Von Rainer Schulz 15.08.2016, 06:37
Rast am Lutherweg. Mit den Organisatoren Carsten Passin (3.von rechts) und Sven Kröber (rechts) waren neugierige Wanderfreunde vom Lutherstein unterwegs nach Kemberg.
Rast am Lutherweg. Mit den Organisatoren Carsten Passin (3.von rechts) und Sven Kröber (rechts) waren neugierige Wanderfreunde vom Lutherstein unterwegs nach Kemberg. Rainer Schultz

Lubast - Die Stille der Dübener Heide wird jäh unterbrochen. Drei Quadfahrer passieren den Lutherweg am Bauerhaus und sorgen für Proteste unter den Wanderern. Diese möchten sich am Sonnabend Luther einmal auf unkonventionelle Weise erschließen. Da passt eine derartige Lärmkulisse nicht in die Vorstellungswelt von Heide und Natur. Carsten Passin von der Evangelischen Akademie hat es sich zusammen mit seinem Mitstreiter Sven Kröber, dem Vorsitzenden des Veriens „Merkmal“, zur Aufgabe gemacht, den Lutherweg, der vielerorts noch ein „Dornröschen-Dasein“ fristet, den Menschen etwas näher zu bringen.
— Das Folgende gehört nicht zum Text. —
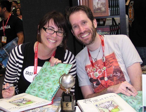 I also talked with Gabriel Ba, on the right here with his booth-mate Rafael Albuquerque, and wished them well at the Eisners tonight.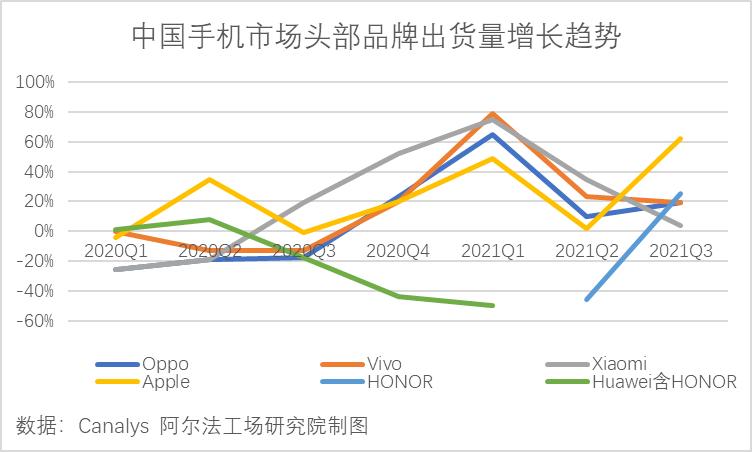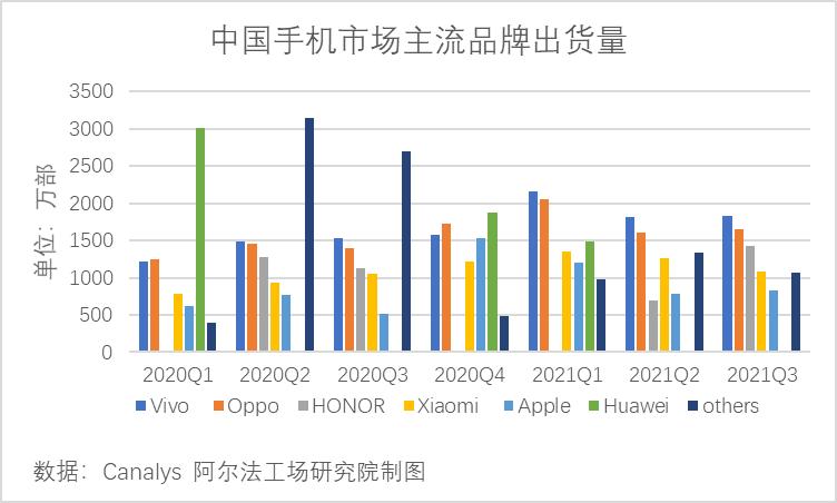 在此期间,OPPO除在2020年四季度以20%的市场份额超过VIVO成为市场第一外,其余均位列第二。与VIVO在2021年将市场份额稳定在23%的水平上不同的是,OPPO在2021年一季度拿下22%的高点后,二三季度停留在21%。

Denkwege zu Luther heißt ein bundesweites Projekt der evangelischen Akademien von Sachsen und Sachsen-Anhalt. Themen wie Freiheit und Glauben, Politik und Moral, Wahrheit und Toleranz oder Glück und Vertrauen zählen zur Projektarbeit. Orte der Reformation werden darin einbezogen. Projektleiter an der Evangelischen Akademie Wittenberg ist der Berliner Philosoph Carsten Passin (Jahrgang 1960). Mit dem Verein „Merkmal“ (Leiter Diplom-Geograf Sven Kröber) werden Bildungsprojekte am Lutherweg initiiert.  

Interessierte können sich informieren in der Evangelischen Akademie Schlossplatz 1d unter Telefon 03491/4 98 81, per Mail unter [email protected] oder unter der Internetplattform www.denkwege-zu-luther.de. 

Neugierig auf das Motto „Denkwege zu Luther“ haben sich immerhin 13 Wanderer gefunden, die ab 9 Uhr vom Lutherstein an Gelegenheit haben, über Gott und die Welt zu sprechen. Carsten Passin, der sich selbst als „praktizierender“ Philosoph bezeichnet bietet dazu die nötigen Denkanstöße. Gegen 11 Uhr gibt es die erste Rast am Bauerhaus nach etwa sieben Kilometern. Warum nicht mal einen Lutherspruch in der Heide verstecken?, sagt sich Carsten Meier aus Leipzig, der sich dem Geocaching verschrieben hat. Diese Form der modernen Schnitzeljagd ermittelt mit Hilfe von GPS die geografischen Koordinaten des „Schatzes“. Alle in der Runde sind gespannt darauf, wer wohl die ersten „Entdecker“ sein werden.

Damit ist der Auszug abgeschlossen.